▶ Task to carry out: Word for word, transcribe the data below from the line with "В тарелку кладем" to the line with "프리티글라라 여성용 레이스 점퍼 여름 펀칭 짚업 후드 자켓 bz-02", keeping both of those lines.

▶ Supplied records:
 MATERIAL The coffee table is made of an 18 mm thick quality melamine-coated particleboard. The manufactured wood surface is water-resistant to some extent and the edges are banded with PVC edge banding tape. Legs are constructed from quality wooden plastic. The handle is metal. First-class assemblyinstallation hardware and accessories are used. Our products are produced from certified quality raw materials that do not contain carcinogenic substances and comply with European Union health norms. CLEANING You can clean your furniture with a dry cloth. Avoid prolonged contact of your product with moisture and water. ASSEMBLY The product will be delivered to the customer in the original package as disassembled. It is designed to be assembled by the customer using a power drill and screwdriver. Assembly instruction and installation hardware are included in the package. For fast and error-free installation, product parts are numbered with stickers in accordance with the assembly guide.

--

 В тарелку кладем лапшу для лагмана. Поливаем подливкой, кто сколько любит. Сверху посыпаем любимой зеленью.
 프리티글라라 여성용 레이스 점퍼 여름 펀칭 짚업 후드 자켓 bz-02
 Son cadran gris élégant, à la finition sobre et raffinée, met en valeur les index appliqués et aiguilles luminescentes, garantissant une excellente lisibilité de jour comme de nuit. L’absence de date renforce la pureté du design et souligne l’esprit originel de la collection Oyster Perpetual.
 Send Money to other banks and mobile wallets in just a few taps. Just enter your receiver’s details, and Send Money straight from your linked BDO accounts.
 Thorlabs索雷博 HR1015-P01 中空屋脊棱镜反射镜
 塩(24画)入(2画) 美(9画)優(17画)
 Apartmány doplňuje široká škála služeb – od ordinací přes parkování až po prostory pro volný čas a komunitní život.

▶ Response to the exercise:
 В тарелку кладем лапшу для лагмана. Поливаем подливкой, кто сколько любит. Сверху посыпаем любимой зеленью.
 프리티글라라 여성용 레이스 점퍼 여름 펀칭 짚업 후드 자켓 bz-02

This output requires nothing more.